▶ RECORDS SHOWN:
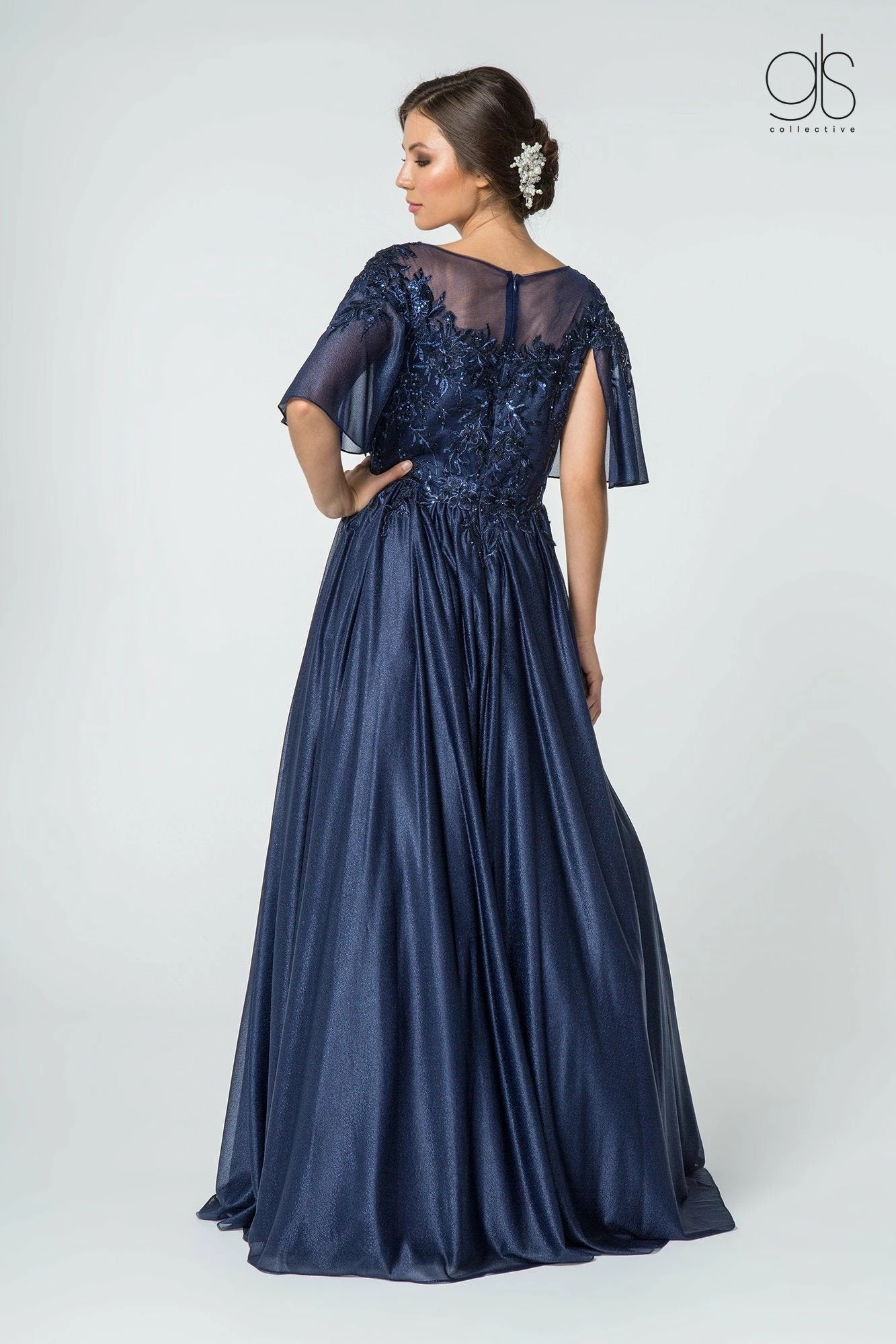 - Flutter-Sleeve Lace Applique Embellished V-Neck Long Dress
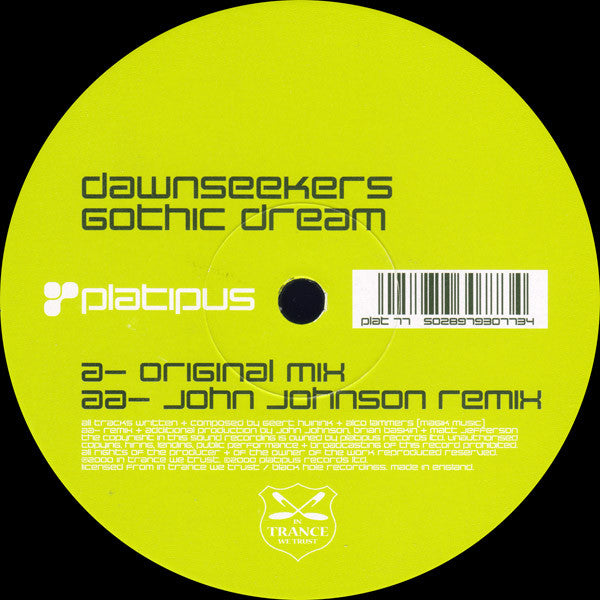 The copyright in this sound recording is owned by Platipus Records Ltd. Licensed from In Trance We Trust/Black Hole Recordings. Made in England.
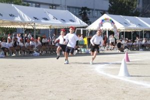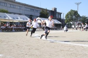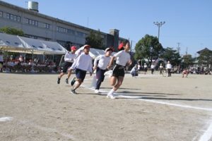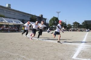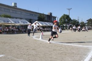 4年生による「スピードアップ!」です。スタートダッシュとコーナリングに気を付けて、全力で走りきることができました。
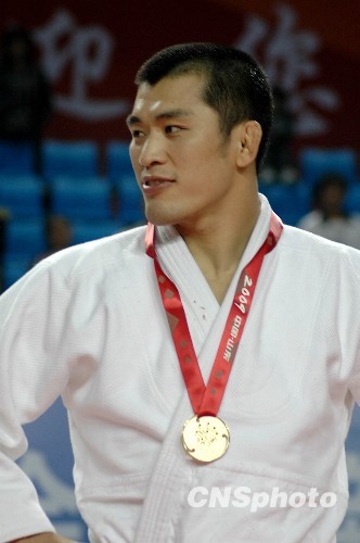 10月22日,山东滨州,在第十一届全运会柔道男子90公斤级决赛中,河北队选手何焰柱夺得冠军,江苏队选手徐志明获得亚军,内蒙古选手乌格德勒夫获得季军。中新社发 梁宝海 摄
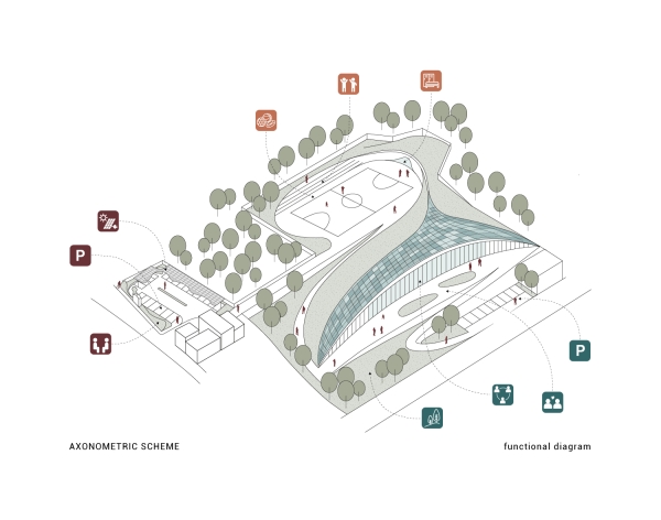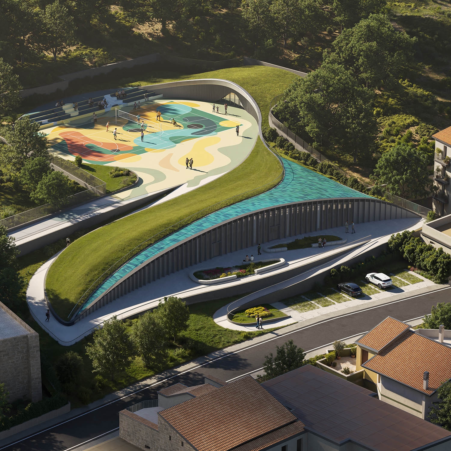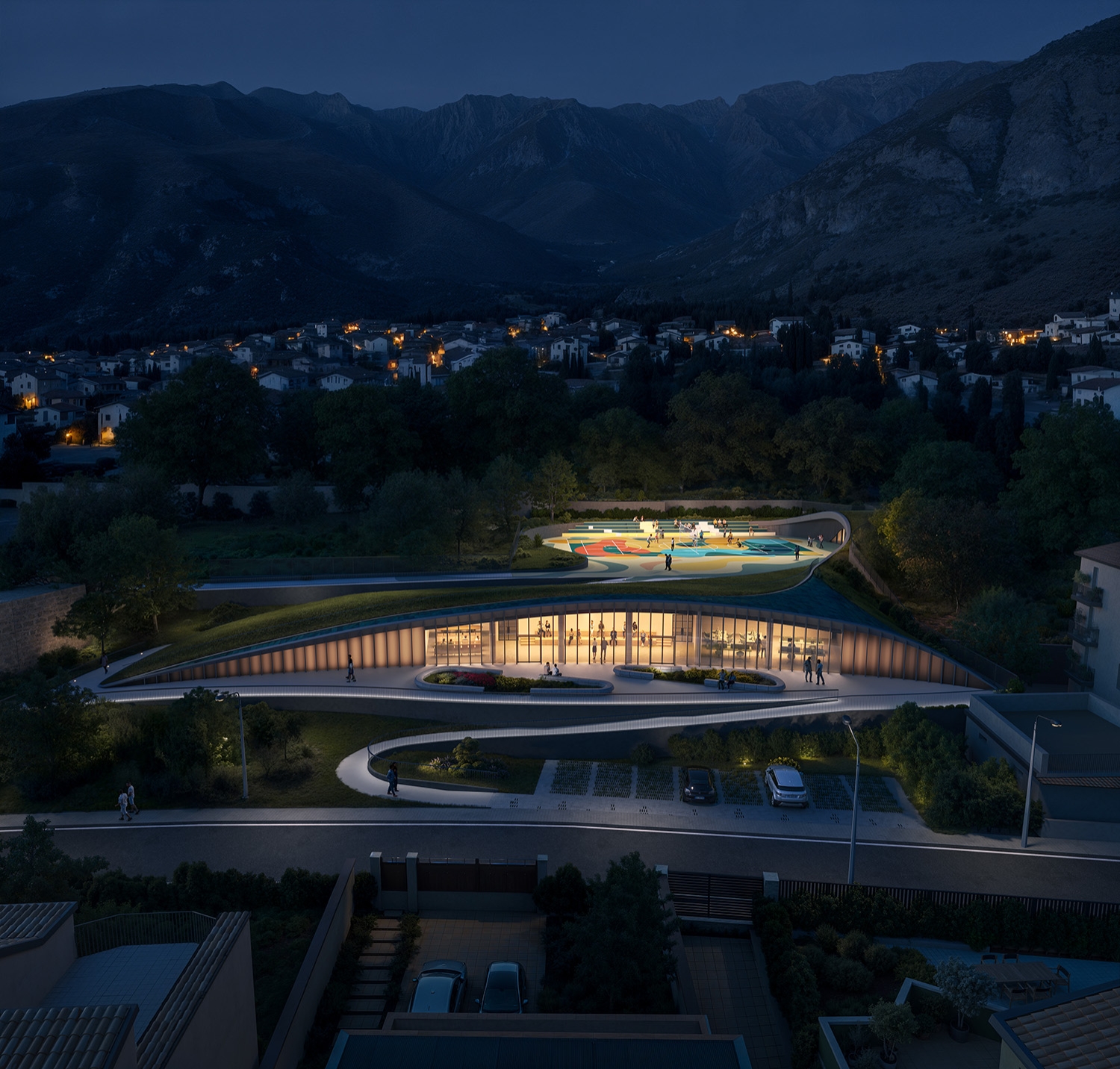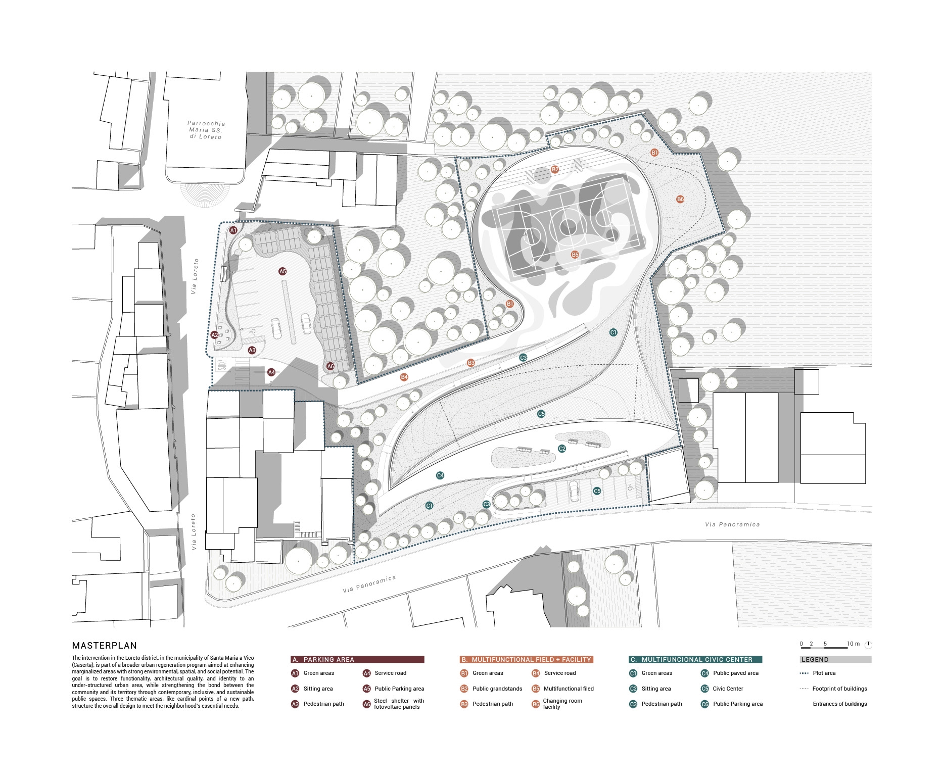 The regeneration of the Loreto district in Santa Maria a Vico is part of a broader urban program involving also Via Mandre and Via Panoramica. The project aims not only to recover abandoned areas but to transform them into vibrant places that foster community, encounter, and shared growth. Loreto regeneration is structured in three thematic areas. The first hosts a multifunctional building inspired by the natural forms of the surrounding landscape, designed as a dynamic center for culture, exhibitions, conferences, and collective work. The second area is dedicated to sports and socialization, with a multipurpose field for football, basketball, and volleyball, alongside a discreetly integrated service building with locker rooms and technical spaces. The third combines functionality and sustainability through a parking area conceived as part of the landscape, with curved lines, greenery, and accessible pedestrian paths. Sustainable rainwater management, low-consumption lighting, and eco-friendly materials reduce environmental impact. Loreto thus becomes a model of sustainable urban development, where modernity and nature coexist in harmony and design strengthens collective identity.

▶ WORK ORDER:
Every line of the data above is to be repeated exactly; the images are to be left out.

▶ THE ANSWER:
 - Flutter-Sleeve Lace Applique Embellished V-Neck Long Dress
 The copyright in this sound recording is owned by Platipus Records Ltd. Licensed from In Trance We Trust/Black Hole Recordings. Made in England.
 4年生による「スピードアップ!」です。スタートダッシュとコーナリングに気を付けて、全力で走りきることができました。
 10月22日,山东滨州,在第十一届全运会柔道男子90公斤级决赛中,河北队选手何焰柱夺得冠军,江苏队选手徐志明获得亚军,内蒙古选手乌格德勒夫获得季军。中新社发 梁宝海 摄
 The regeneration of the Loreto district in Santa Maria a Vico is part of a broader urban program involving also Via Mandre and Via Panoramica. The project aims not only to recover abandoned areas but to transform them into vibrant places that foster community, encounter, and shared growth. Loreto regeneration is structured in three thematic areas. The first hosts a multifunctional building inspired by the natural forms of the surrounding landscape, designed as a dynamic center for culture, exhibitions, conferences, and collective work. The second area is dedicated to sports and socialization, with a multipurpose field for football, basketball, and volleyball, alongside a discreetly integrated service building with locker rooms and technical spaces. The third combines functionality and sustainability through a parking area conceived as part of the landscape, with curved lines, greenery, and accessible pedestrian paths. Sustainable rainwater management, low-consumption lighting, and eco-friendly materials reduce environmental impact. Loreto thus becomes a model of sustainable urban development, where modernity and nature coexist in harmony and design strengthens collective identity.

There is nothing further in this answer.